Vertex and its collaborator Alios BioPharma recently released data from a viral kinetics study showing that VX-135 monotherapy demonstrated potent antiviral activity over 7 days and was generally well-tolerated. At that time Vertex said it plans to start a study of VX-135 plus ribavirin by the end of 2012 and VX-135 plus telaprevir in early 2013.
On November 1 Vertex announced a non-exclusive agreement with
Janssen to test VX-135, a uridine nucleotide analog prodrug, in combination with Janssen's investigational HCV protease inhibitor simeprevir (TMC435).
Data presented at the EASL International Liver Congress this past April showed that simeprevir -- now in Phase 3 studies -- produced impressive cure rates in combination with pegylated interferon/ribavirin for genotype 1 hepatitis C patients who did not respond to previous treatment.
The new Phase 2 proof-of-concept study, expected to begin in early 2013, will evaluate the safety, tolerability, and efficacy of all-oral regimens of VX-135 plus simeprevir, with or without ribavirin, for 12 weeks in previously untreated genotype 1 chronic hepatitis C patients without liver cirrhosis. As part of the collaboration, Janssen will conduct a drug-drug interaction study with VX-135 and simeprevir.
Vertex also announced that it will collaborate with GSK to test VX-135 in an interferon-free combination with the experimental NS5A inhibitor GSK2336805. This Phase 2 proof-of-concept study, also slated for early 2013, will look at the safety and efficacy of VX-135 plus GSK2336805, with or without ribavirin, for 12 weeks, again for treatment-naive, non-cirrhotic genotype 1 patients.
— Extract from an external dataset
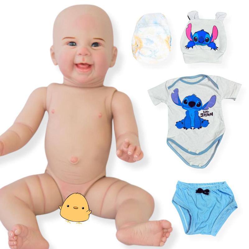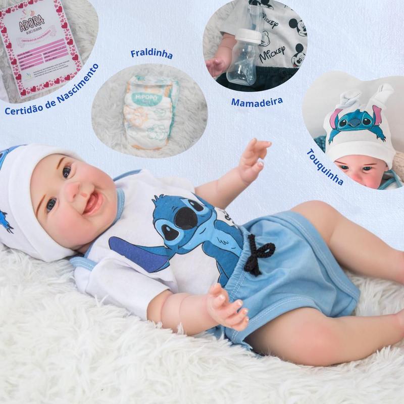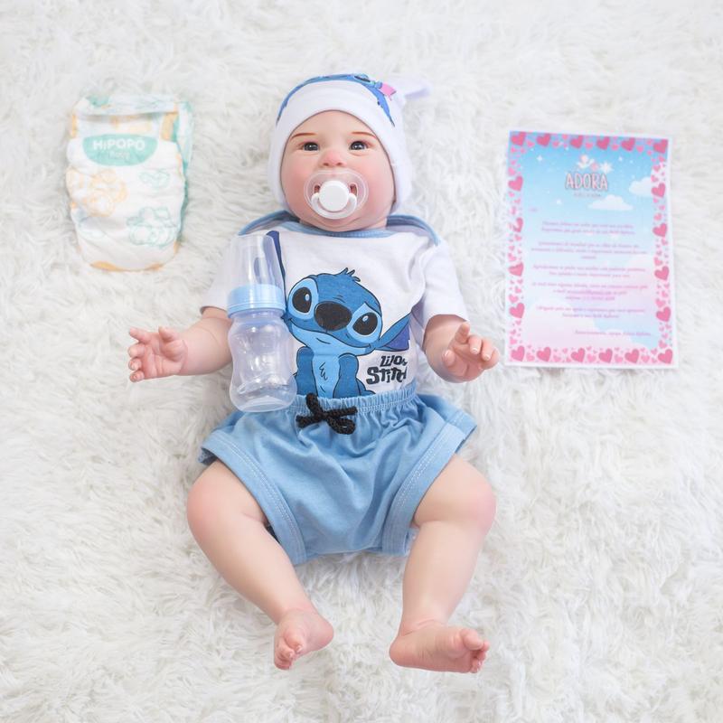 Bebê Reborn Boneco Menino Realista Stitch Original Articulado Corpo de Silicone VR TOYS
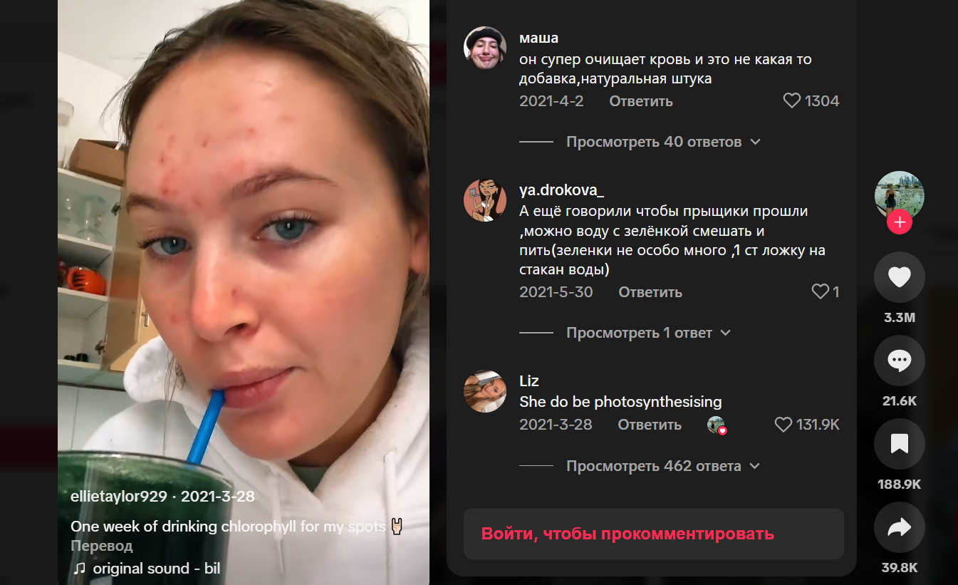Не только ученые отслеживают эффект приема хлорофилла. Один из роликов в TikTok, где девушка с акне начала пить хлорофилл и показала, как со временем менялась ее кожа, собрал 13,9 миллионов просмотров, 3,3 миллиона лайков и почти 22 тысячи комментариев. Подобный интерес говорит об одном - хлорофилл стал настоящей темой для обсуждения по всему миру.

Vertex Pharmaceuticals. Vertex Announces Collaboration with Janssen To Initiate Phase 2 All-Oral Study of VX-135 and Simeprevir (TMC435) for the Treatment of Hepatitis C. Press release. November 1, 2012.
Vertex Pharmaceuticals. Vertex Enters Agreement with GlaxoSmithKline for Phase 2 All-Oral Study of VX-135 and GSK2336805 for the Treatment of Hepatitis C. Press release. November 1, 2012.